50 years ago today, the U.S. Senate passed the Civil Rights Act of 1964

Posted June 19th, 2014 by
Category: History Tags: , , , ,

President Lyndon Johnson speaks with Senator Richard Russell, Dec. 7, 1963Fifty years ago today, the U.S. Senate passed the landmark Civil Rights Act of 1964, after ending the longest continuous debate in Senate history.

America grows. America changes. And on the civil rights issue we must rise with the occasion.

— Republican Minority Leader Everett M. Dirksen,  announcing he would help Democrats pass the Civil Rights Act

The Civil Rights Act had first been proposed by  President Kennedy on June 11, 1963, in a dramatic television address to the nation following Governor George Wallace’s “stand in the schoolhouse door” over desegregation at the University of Alabama.

The Civil Rights Act of 1964Within days of Kennedy’s assassination, President Johnson addressed a joint session of Congress and urged passage of the bill in the slain president’s honor, saying “we have talked long enough in this country about equal rights.

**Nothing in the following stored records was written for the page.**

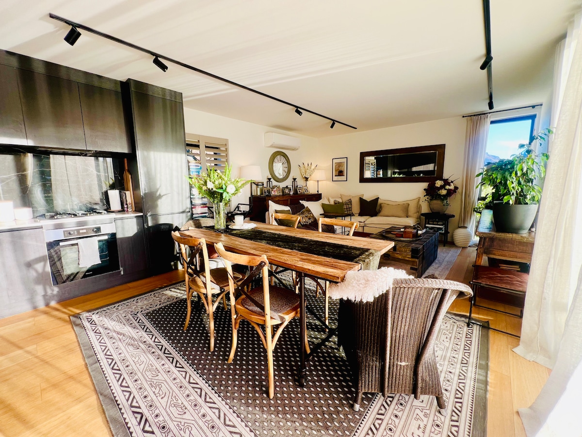 Atemberaubende Aussicht von deiner Lounge und deinem Schlafzimmer aus. Diese moderne (neue, 2025) unabhängige Einheit mit separatem Eingang und einer voll ausgestatteten Küche bietet einen atemberaubenden Blick auf die Berge und den Bauernhof. Es ist warm, sonnig und friedlich. Entspanne dich, entspanne dich oder entspanne dich mit all den actionreichen Aktivitäten vor deiner Haustür. 2 Minuten vom Jacks Point Golf Club, 4 Minuten zur Remarkables Skigebiet-Zugangsstraße, 10 Minuten zum Flughafen und zum Einkaufszentrum Frankton. Es gibt Seezugang und Wander- und Wanderwege direkt vor deiner Haustür.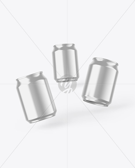 Three Glossy Metallic Cans Mockup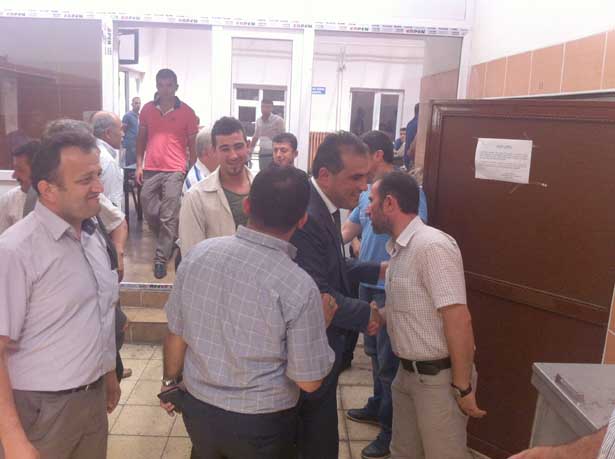 Demirtaş ve beraberindekiler burada ilk olarak Genel Maden İşçileri Sendikası (GMİS) Armutçuk Şube Başkanı Ali Eşitmez'i makamında ziyaret etti.
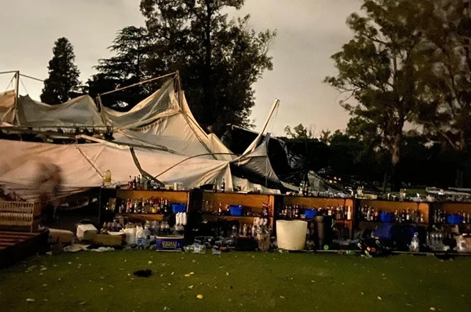 "Se calló la estructura del aniversario de 100 años del club mitre en Pérez, yo estaba ahí fue un desastre, gente corriendo y gritando, todos en shock, la carpa se voló y calló sobre las mesas, por suerte no hubo fallecidos pero si muchos heridos"#AlertaNaranja pic.twitter.com/db8ECHbEYf

We have talked for one hundred years or more.”

The House had approved the bill on February 10, but southern Democrats filibustered in the Senate, dragging debate on for sixty days.

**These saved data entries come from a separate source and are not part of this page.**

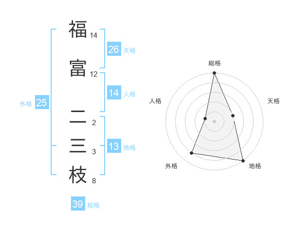 福富 二三枝さんを姓名の画数から五運を鑑定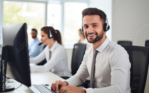 Operatore Call Center sorridente che lavora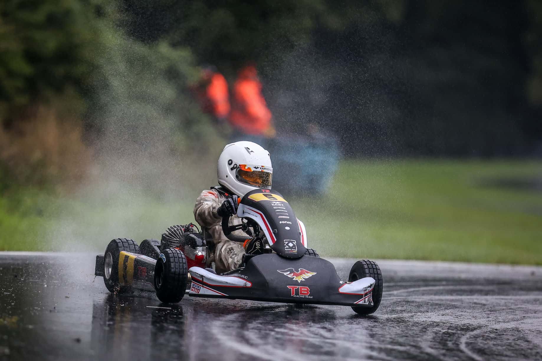 Der Start zum ersten Lauf wurde dann fast zu totalen Desaster. Emilio rutschte auf regennasser Fahrbahn von der Bahn und konnte sich gerade so wieder in das Rennen retten. Außerhalb der Punkte liegend war das große Ziel plötzlich wieder in weite Ferne gerückt! Doch Emilio bewies Nervenstärke und Kampfesgeist. Unbeeindruckt von dem auf ihm lastenden Druck fuhr er sich zurück auf Position 12 und damit in die Punkteränge. Der zweite Lauf musste entscheiden, ob Emilio vorzeitig Meister wird oder nicht. Und er tat es auf kuriose Art und Weise. Wie fast immer waren es die Wetterkapriolen, die in Kerpen den Fahrern einen Streich spielten. Dieses Mal setzte nach dem ersten Rennen massiver Starkregen ein, der die Bahn unbefahrbar machte und den Rennleiter zum Abbruch der Veranstaltung zwang. Da die Konkurrenz dadurch keine Möglichkeit mehr bekam eventuell Punkte auf Emilio gut zu machen, stand am Sonntagmittag Emilio Bernd als neuer Meister des ADAC Kart Masters 2023 fest!
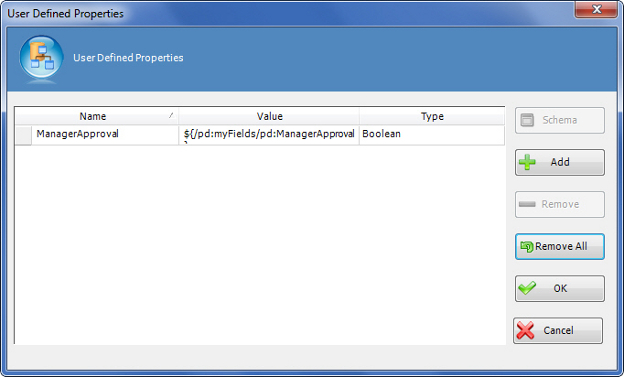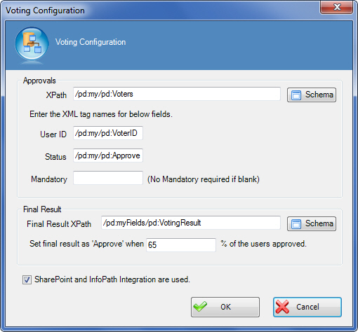 This property allows the process modeler to configure data binding to the data schema within a repeating table for which to establish the approval data. The "Mandatory" option provides an added level of functionality, requiring any participants that have been identified as "Mandatory" to approve, or the final decision will be not-approved. The final result is also configured here by setting a custom attribute to store the final result and specifying the percentage of participants that will need to approve before the final decision is considered as approved. For example, the process designer specifies the voting percentage as 60%. If 60% of the approvers approve the preceding request, then the final decision is considered as approved. Click the Ellipses button to open the configuration dialog. ![]() |

That filibuster was finally broken when Everett Dirksen, the Republican minority leader, negotiated changes and agreed to rally Republican support for the legislation. On June 10, the Senate voted 71-29, with that crucial Republican support, to end cloture, and on July 19, the Senate passed the Civil Rights Act.

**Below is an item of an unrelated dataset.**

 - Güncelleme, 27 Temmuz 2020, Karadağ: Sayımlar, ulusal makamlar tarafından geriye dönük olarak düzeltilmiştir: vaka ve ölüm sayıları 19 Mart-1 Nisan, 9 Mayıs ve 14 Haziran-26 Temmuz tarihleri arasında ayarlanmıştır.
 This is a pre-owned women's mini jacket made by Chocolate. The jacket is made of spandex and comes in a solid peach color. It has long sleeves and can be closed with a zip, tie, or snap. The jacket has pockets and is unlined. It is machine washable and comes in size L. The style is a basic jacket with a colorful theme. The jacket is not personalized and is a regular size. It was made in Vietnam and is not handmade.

Mr. President, in line with the sentiment offered by the poet, “Any man’s death diminishes me, because I am involved in mankind,” so every denial of freedom, every denial of equal opportunity for a livelihood, for an education, for a right to participate in representative government diminishes me.

— Republican Minority Leader Everett M. Dirksen, speaking before the Senate vote on passage of the Civil Rights Act

The House voted to adopt the bill, with the Senate’s changes, on July 2. President Johnson signed the historic act only hours later.